A new discovery has shown that the immune system can be trained to fight infections.
A new report from UCLA scientists shows the discovery of the fundamental rule underlying the immune system’s process of fighting off infections in a particular class of cells. It shows the immune system can also be “trained” to respond more aggressively to infections.
The team identified a key molecular mechanism within macrophages, which are infection-fighting cells of the innate immune system, that determines whether, and how well, the cells can be trained.
The findings, published in the journal Science, could help pave the way for future targeted strategies to enhance the function of the immune system.
Immune training
Innate immune cells can be trained by past experiences to become better at fighting infections, highlights lead author of the study, Quen Cheng, an Assistant Clinical Professor of Infectious Diseases at UCLA’s David Geffen School of Medicine. Cheng noted that the researchers had previously observed that some experiences seemed to be better than others for immune training.
Whether the training occurs depends on how the DNA of the cell is wrapped. In human cells, for instance, more than six feet of DNA must fit into the cell’s nucleus, which is so small that it is not visible to the naked eye. To achieve this, the DNA is tightly wrapped into chromosomes.
Senior author Alexander Hoffmann, UCLA’s Thomas M. Asher, Professor of Microbiology and Director of the Institute for Quantitative and Computational Biosciences, points out that only selected regions of the DNA are exposed and accessible, and only the genes in those accessible regions can respond and fight infection.
By introducing a stimulus to a macrophage, such as a substance derived from a microbe or pathogen, as in the case of a vaccine, previously compacted DNA regions can be unwrapped which exposes new genes that will enable the cell to respond more aggressively.
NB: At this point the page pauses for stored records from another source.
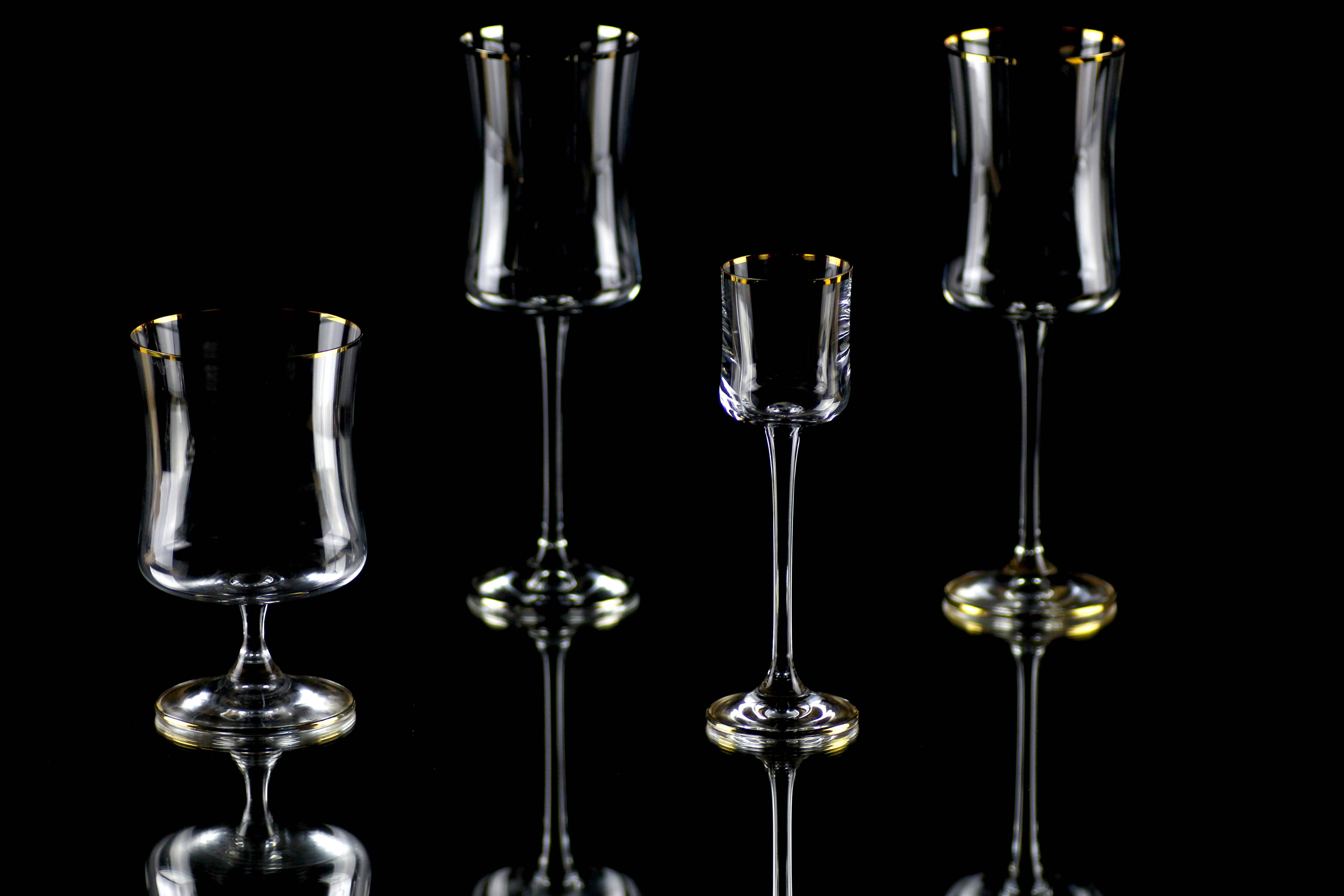 Sklo: Čiré, Ryzí zlato, Bezolovnatý český křišťál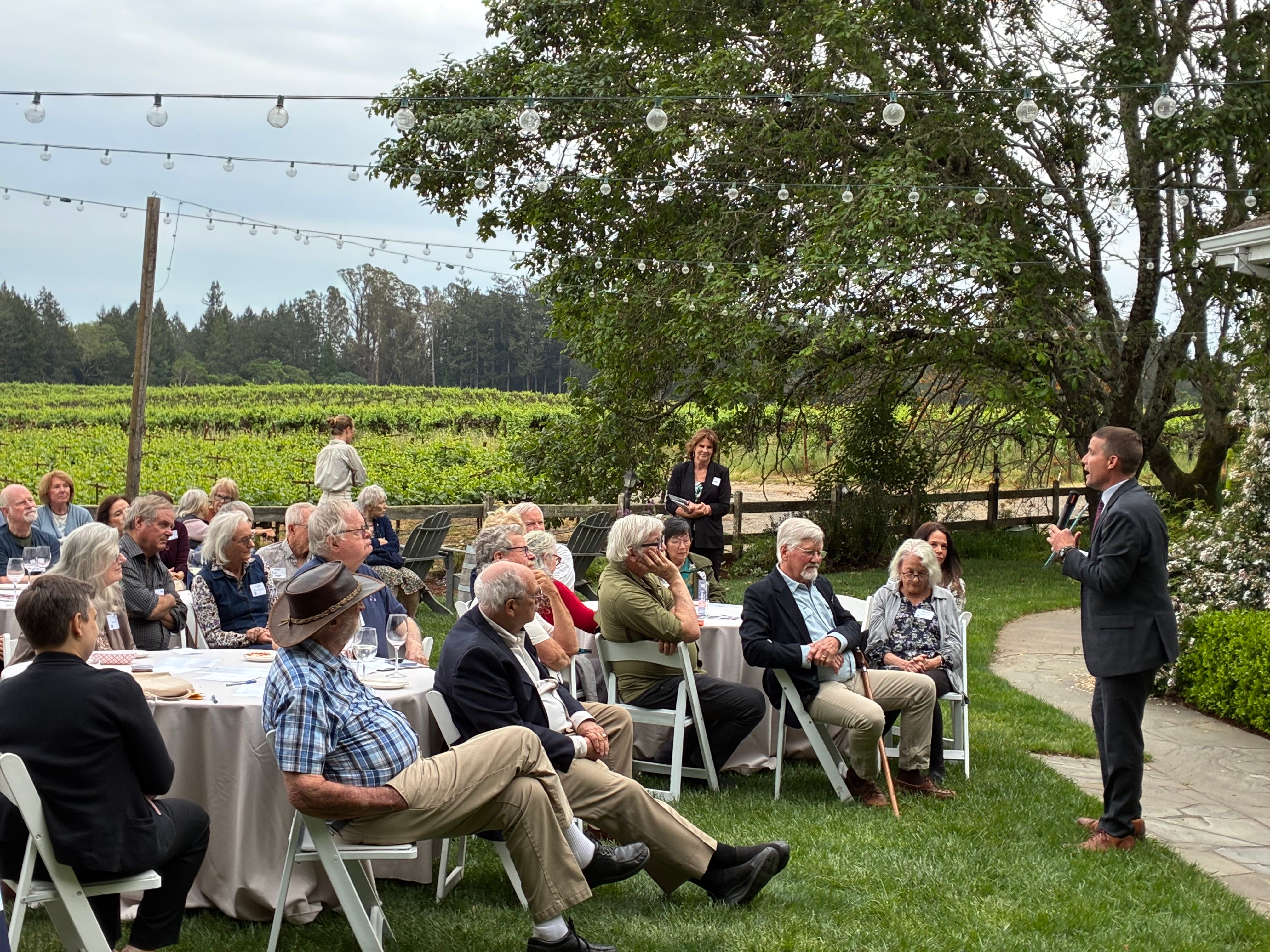 McGuire spoke to an enthusiastic crowd at a Vine Hill House fundraiser on Monday night, organized by former Sebastopol Mayor Diana Rich, Daniel Rich, Dan and Jan O’Connell (the owners of Vine Hill House), Marty Webb and Tamsin and Zack Smith.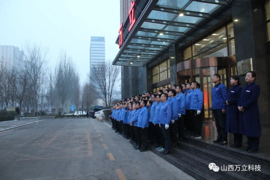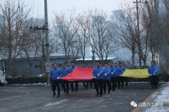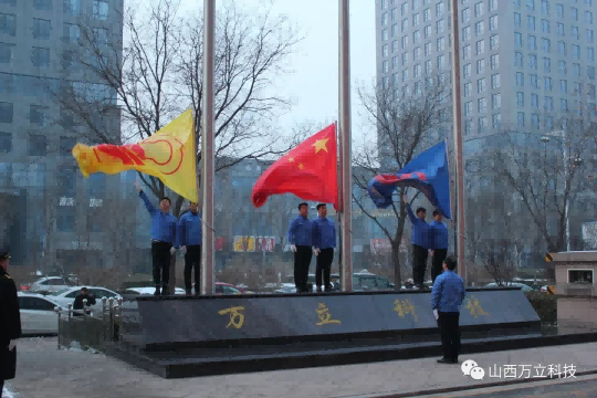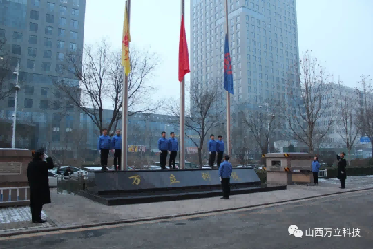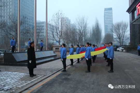 公司領(lǐng)導及全體員工精神抖擻,7時(shí)44分,升旗手和護旗方隊已整裝待發(fā),伴隨著(zhù)旋律流暢、豪邁雄壯的《中國人民解放軍進(jìn)行曲》,護旗方隊邁著(zhù)節奏規整且堅實(shí)的步伐向升旗臺走來(lái),展現出了萬(wàn)立人團結協(xié)作的團隊精神。當旗手將國旗、區旗、司旗移交升旗手,全體人員行注目禮時(shí),明亮雄偉的《義勇軍進(jìn)行曲》響起,旗幟緩緩升起,隨風(fēng)飄揚,像極了山西萬(wàn)立科技有限公司30多年來(lái)的堅定不移、腳踏實(shí)地,也體現了萬(wàn)立人的勇敢、堅強、團結一心。

The team’s research reveals that the precise dynamics of a key immune signalling molecule in macrophages, called NFκB, determine whether this unwrapping and exposing of genes occurs, and that the dynamic activity of NFκB itself is determined by the precise type of extracellular stimulus introduced to the macrophage.
Cheng said: “Importantly, our study shows that innate immune cells can be trained to become more aggressive only by some stimuli and not others. This specificity is critical to human health because proper training is important for effectively fighting infection, but improper training may result in too much inflammation and autoimmunity, which can cause significant damage.”
NFκB
Using advanced microscopy, the researchers followed the activity of NFκB – which helps immune cells to identify incoming threats – in macrophages derived from the bone marrow of healthy mice, tracking how the molecule’s dynamics changed in response to several different stimuli.
The findings demonstrated that NFκB was successful at training macrophages only when the stimulus-induced non-oscillating NFκB activity.
Cheng said: “For a long time, we’ve known intuitively that whether NFκB oscillates or not of must be important but had simply not been able to figure out how. These results are a real breakthrough for understanding the language of immune cells and knowing the language will help us ‘hack’ the system to improve immune function.”
The researchers were also able to simulate this training process with a mathematical model, which may allow for future precision-targeted engineering of trained immunity, Hoffmann said.
The team expect this research to inspire a wide range of additional studies, including investigations into human diseases caused by immune cells that are improperly trained, strategies to optimise immune training to fight infection, and ways to complement existing vaccine approaches.